A major component of our work this summer involved making a detailed investigation a major fault, which extends over 100 km E-W from the high Dzungar-Alatau mountains into the flat Kazakh platform. Along the faults length, a consistent ~7 to 10 m scarp is impeccably preserved offsetting Paleozoic mountain ridges (Fig. 2) and along the range front in its eastern extent, and as a single ~7 m vertical step within otherwise flat-lying, vegetated desert loess in its western extent (Fig. 3). Along the length of the fault, ponds have formed where drainage is blocked by the vertical offset. In particular we were interested in a ‘ghost’ river channel which was abandoned by uplift on this fault (Fig.4).
Based on the continuity and consistency of the scarp height over the entire fault-length it is likely that this fault scarp was formed during one very large, catastrophic earthquake. To test this hypothesis, we collected sediment samples from the base of several dried-pond sites in the east and west of the fault and from the abandoned ‘ghost’ river channel. If this was indeed one event, then the ages of these samples should be the same. Using the date of this event and quantitative measurements of the amount and sense of displacement found using field-surveyed digital elevation models (DEMs) we can calculate a minimum late Quaternary slip-rate, which will provide the first ever constraint on the seismic hazard of this fault.

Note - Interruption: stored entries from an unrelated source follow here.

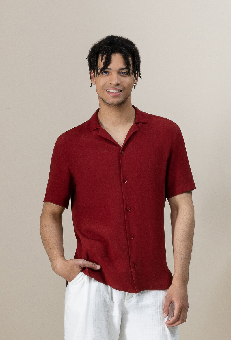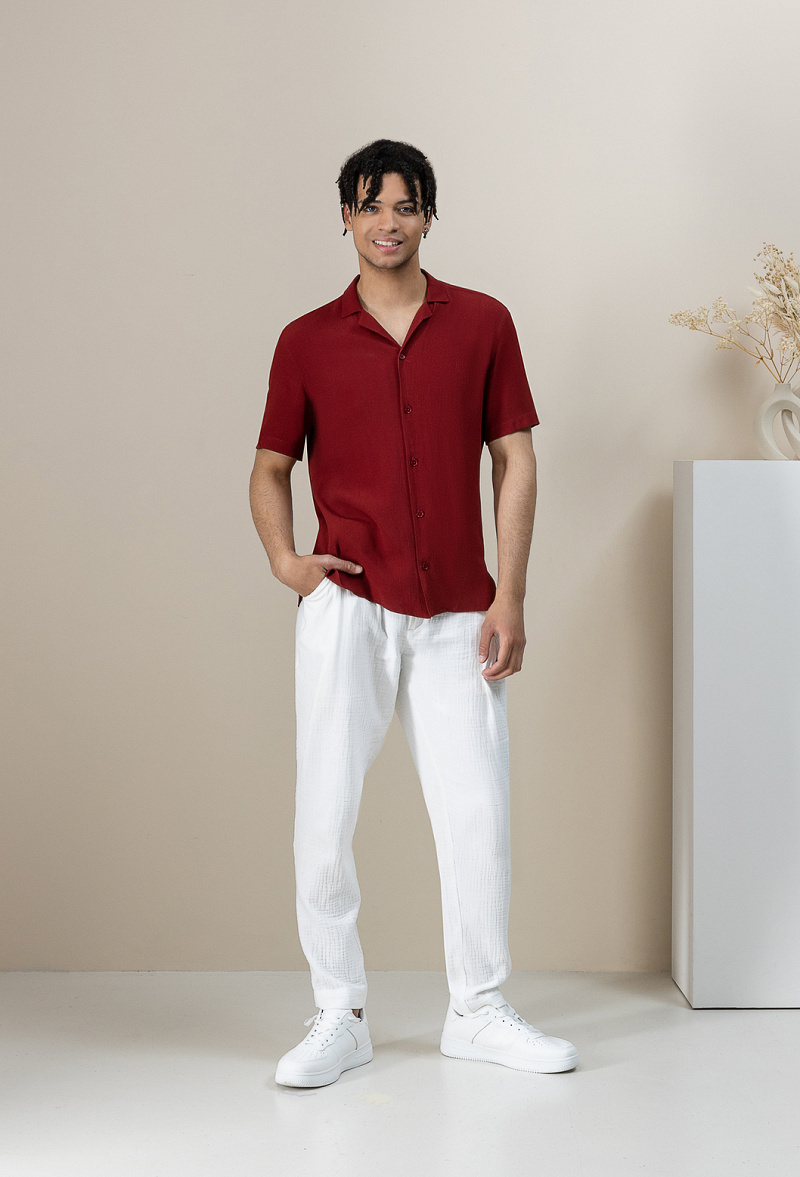 Рубашка с коротким рукавом бордовая 02-05-23 SS men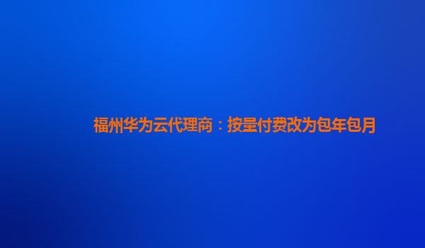 2024-01-23福州华为云代理商:按量付费改为包年包月 引言 华为云作为一家领先的云计算服务提供商,不断创新并满足客户的需求。近期,福州华为云代理商决定推出一个新的服务方式,将原先的按量付费模式改为包年包月模式,以更...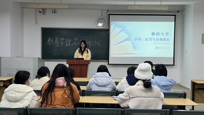 教育學院于12月18日晚20時30分在3棟302教室成功舉辦了一場主題為教育學院思政研討會的活動。此次研討會由教育學院23級思政委員聯絡代表徐錦瑤主持,23級、24級各班思政委員參加。此次研討會旨在通過交流思想來促進學生在思想政治教育方面的深入理解和實踐。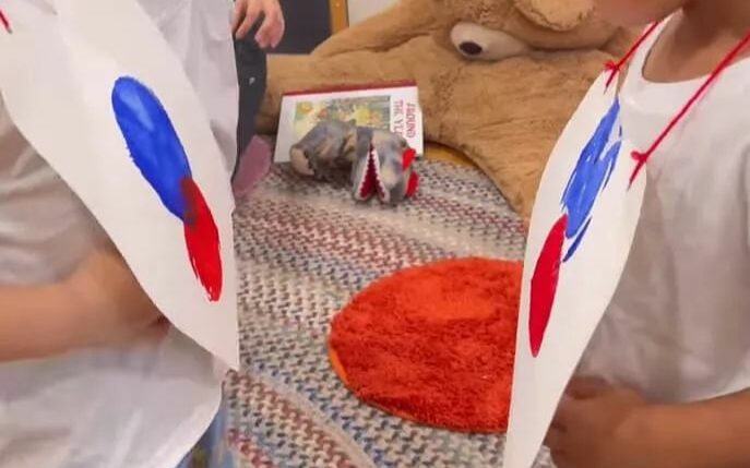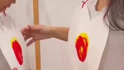 🔸 Au programme : chaque duo recevra un joli cœur en carton accroché autour du cou, à peindre avec des tâches de couleur à mélanger en se faisant des câlins… un vrai moment de tendresse et de rigolade !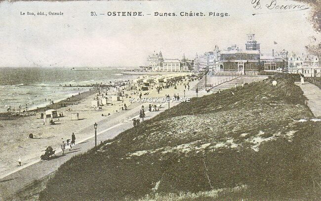 Le Bon, édit., Ostende, N° 20. - Ostende - Dunes. Châlet. Plage. - Vooraan, de duinen en het Koninklijk Chalet. De Koninklijke Gaandrijen zijn nog niet gebouwd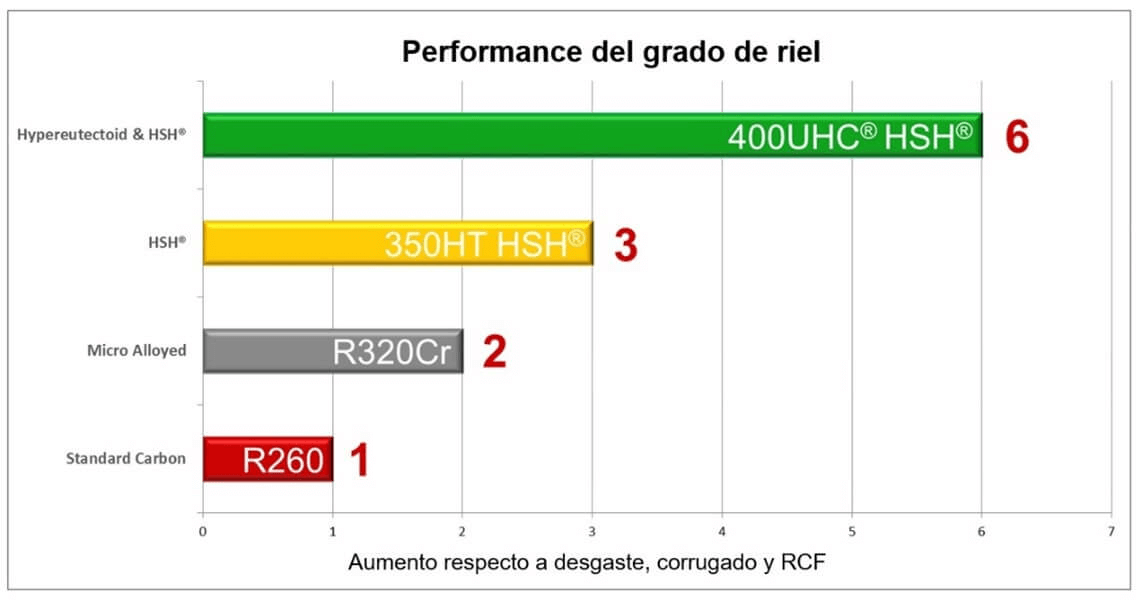 La solución clásica de “vanguardia” para el transporte de cargas por ferrocarril o entornos de transporte pesado, exhibe una microestructura ultra fina perlítica tratada térmicamente. Esto ya está dando servicio en vías desde hace más de 20 años con el máximo beneficio para el cliente.

Closer to Almaty, we made preliminary field observations of a major right-lateral strike-slip fault, Dzhalair-Naiman (Fig. 1), which extends over 400 km NW-SE into the Kazakh Platform, and finally we conducted several slip-rate studies along the E-W oriented Zailisky-Alatau range front (part of the Ili-Alatau mountain range) which forms the snow-capped backdrop south of Almaty. In particular, the fault scarps investigated at these final sites may be potential paleo-rupture candidates for the historic Mw ~7 to 8 earthquake which devastated Almaty (formerly Verny) in 1887.